ABD'de üç sınıf var organik materyal: fibrik, hemik (yarı ayrışmış) ve saprik (ayrışmış). Bölgeleme ilkesine dayanarak bataklıklar ayırt edilir:

  • a) tundra Alaska;
  • b) felç;
  • c) aaap;
  • d) binmek;
  • e) kıyıları kapsayacak;
  • f) güney limnojenik (Florida ve Georgia'daki Everglades ve Okifenokee bataklıkları ve bataklıkları);
  • g) Michigan'daki buzul havzaları.

Ancak çok daha sık olarak, entegre bir prensip üzerine inşa edilen birleşik sınıflandırmalar kullanılır:

  • 1) altında bir orman turbası tabakası bulunan soligenik bataklıklar (pH 5.5--6.2);
  • 2) toplam kalınlığı 3 m olan geçiş yosun bataklıkları (üst - sfagnum, alt - odunsu turba);
  • 3) düşük sertlikte yosunlar (pH 3.8-4.5) - bataklık bitki örtüsünün ombrojenik bataklık bitki örtüsü (sfagnum turba, saz, kamış) bitki örtüsü ile karışımı;
  • 4) miskeg - bir tür yosun bataklıkları (pH 3,5-4,5) - çalılar, pamuk otu, sfagnum;
  • 5) bataklıklarla ayrılmış sırt bataklıkları (Amerika kıtasının güneyinde);
  • 6) sırt bataklıkları ve adalardan oluşan bir kompleks - bazen odunsu kalıntıların katılımıyla bataklık turbaları;
  • 7) yoksul bataklıklar ve sırtları olmayan ağaçsız yosun bataklıkları;
  • 8) antropojenik yük taşıyan bataklıklar: drenaj, yollar, yanmış alanlar.

Finlandiya'da beş tür bataklık kompleksi kullanılmaktadır: yükseltilmiş, aapa, Karelya, "asılı" ve tümsek. Daha sonra Karelya ve "asılı" türleri kaldırıldı ve bir dizi seçeneğe bölünerek aapa-bataklıklar saflarına aktarıldı. Modern anlayışa göre, aapa bataklıkları, mezotrofik (veya oligotrofik) sırtların ötrofik (veya mezotrofik) oyuklar ve göllerle dönüşümlü olduğu kuzey tayganın ağaçsız sırt-oyuk ötrofik bataklıklarına karşılık gelir.

Rusya'da bataklık tipolojisinde şu yönler gelişmiştir: botanik-coğrafi, ekolojik-bitkisel, hidrolojik, jeomorfolojik ve bütünsel - biyojeosenolojik (peyzaj-genetik).

V.N. Sukachev (1915, 1926), toprak besleme bataklıklarını (ova ve geçiş) ve atmosferik beslenmeyi (yayla) ana gruplar olarak ayırdı ve ardından bitki örtüsüne göre ovaları çimen, hipnum, orman ve geçiş olarak ayırdı. ormana ve çimenlere.

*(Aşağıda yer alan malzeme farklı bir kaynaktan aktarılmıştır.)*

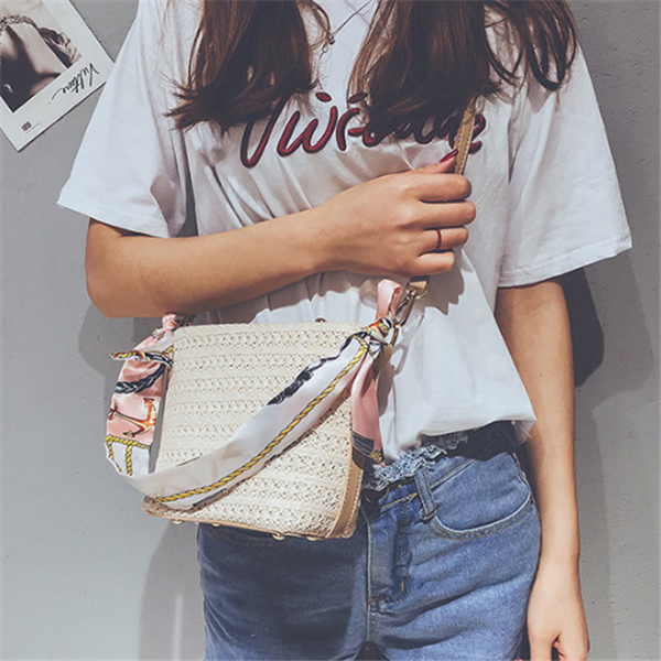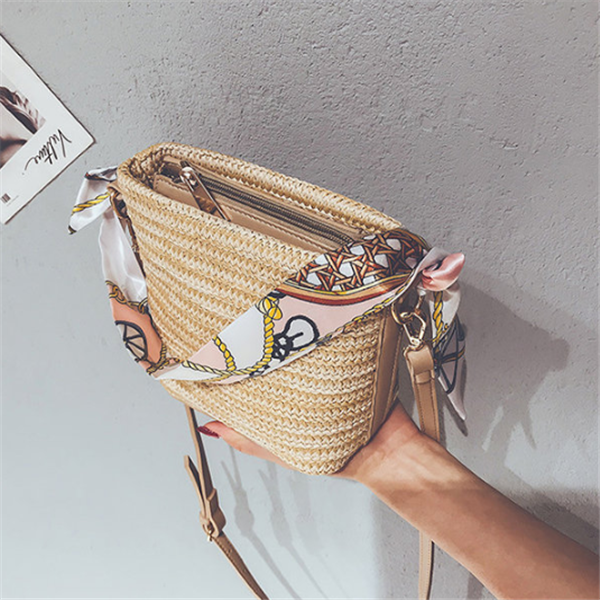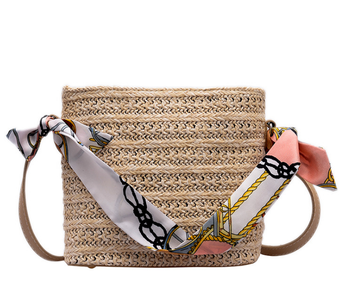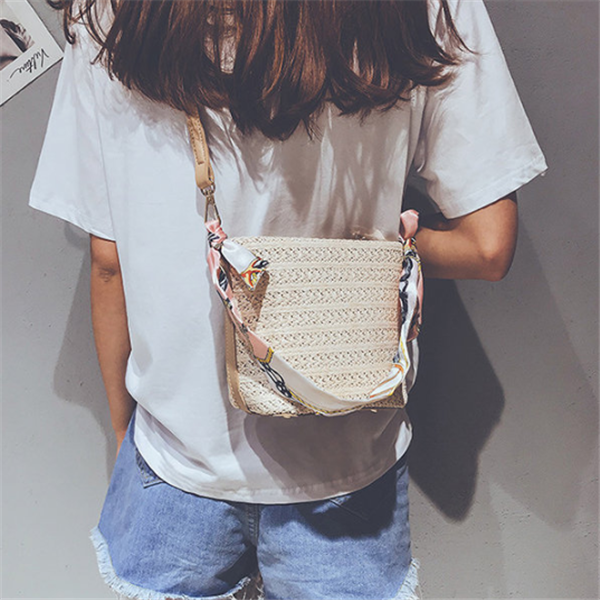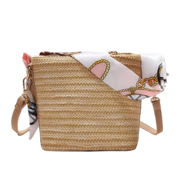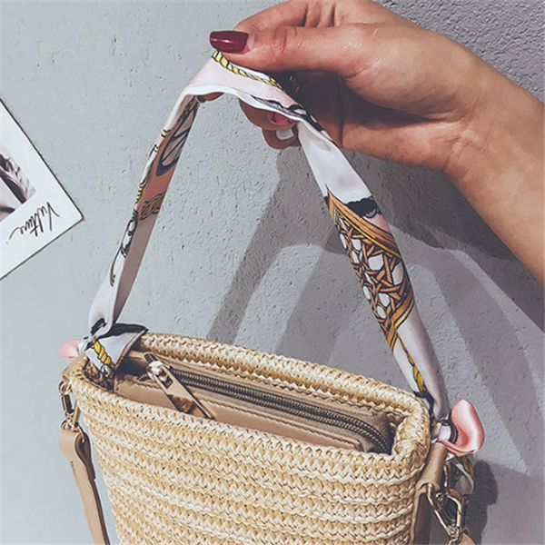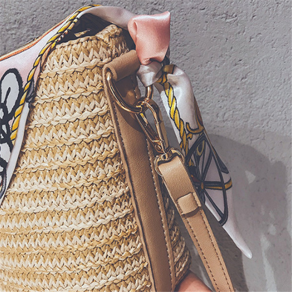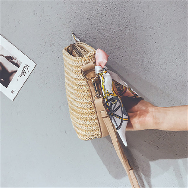 Straw Scarf Bucket Bag Crossbody Bag For Women

Böylece, bataklıkların ana grupları su ve mineral beslenmesinin zenginliği ile ayırt edilir ve bitki örtüsü ikincil bir konuma sahiptir.

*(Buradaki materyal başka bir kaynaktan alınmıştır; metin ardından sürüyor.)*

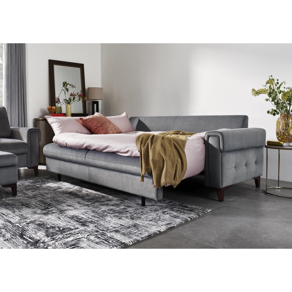 Here’s a range of sofa beds that will make you want to have houseguests more often. Designed for style, comfort and convenience, our Zoom sofa beds and chair beds pull open in seconds with no heavy lifting or cumbersome unfolding required. Mattresses simply pull out like a futon but – dare we say – are much more comfortable. The three-seater sofa bed even converts into a super king size bed, and the pocket spring and foam mattresses promise a delightful night’s sleep. Exclusively available at Furniture Village, the handcrafted Zoom range is offered in both fabric and 100% leather upholstery. This elegant sofa is actually a three-seater sofa bed with a mechanism that’s as smooth as the sofa itself. The bed just pulls out in seconds – no heavy lifting or unfolding required. Why you’ll love it Effortlessly stylish, this sofa bed couldn’t be easier to use. Converts in seconds to a super king size bed with a simple pull-out action. Striking contemporary design with classic details. Wide square arms, elegant buttoning detail and wooden legs. Exceptionally comfortable with pocket sprung seat and cushioning. Fabulous pocket spring and foam mattress. In a range of sophisticated modern upholstery fabrics. Also available upholstered in 100% leather. Handcrafted exclusively for Furniture Village. This 3-seater sofa bed is part of our Zoom range. What you need to know Medium comfort level. Seat suspension: zig-zag springs. Seat cushioning: pocket coil spring, high-resilience foam. Cushioning is fixed. Back suspension: zig-zag springs. Back cushioning: fibre. Arm cushioning: foam. Mattress: pocket coil spring, high-resilience foam. Please follow sofa bed opening instructions carefully. Forcing the mechanism will cause damage. This sofa bed’s ratchets will make a clicking sound while being adjusted. This is not a fault. Upholstery will be slightly relaxed to facilitate sofa bed mechanism. This sofa bed has a 1-piece frame. Please measure carefully to ensure adequate access for our delivery team. Plump cushions regularly to promote longer cushion life. Some fabrics can show wear on areas of more use or in direct sunlight. Pile crush and shading are natural characteristics of velvet. Clean regularly using a soft brush or vacuum with the curtain attachment. Deal with any spills promptly. Professional cleaning advised for oil- and grease-based stains. Please read our upholstery care guide for more advice. Item code: ZOOM3SSBFAB-004

Ova bataklıkları esas olarak kabartmanın en alçak bölgelerinde oluşur, dolayısıyla adları da buradan gelir. Bunları eski bir antik gölün yerindeki bir nehrin taşkın yatağında, nehirler arası düzlükteki antik bir göl havzasında, temizlenmiş bir ormanın bulunduğu alandaki bir çöküntüde veya düz bir ovada bulabiliriz. Bu tür bataklıklar yeraltı suyuyla beslenir. Bu sular oldukça minerallidir ve çok sayıdaçözünmüş bitki besin maddeleri. Bataklığa girerek onu zenginleştirirler. Ayrıca birçok kuş genellikle buraya sığınır. Kuş pislikleri azotlu maddeler açısından zengindir ve aynı zamanda bataklığı zenginleştirir. Bu nedenle, ova bataklıklarında sazlar, at kuyrukları, sazlar ve yeşil yosunlar yoğun, sürekli bir örtü içinde büyür, üstlerinde bazen ladin katkılı bir kara kızılağaç veya huş ağacı tabakası bulunur.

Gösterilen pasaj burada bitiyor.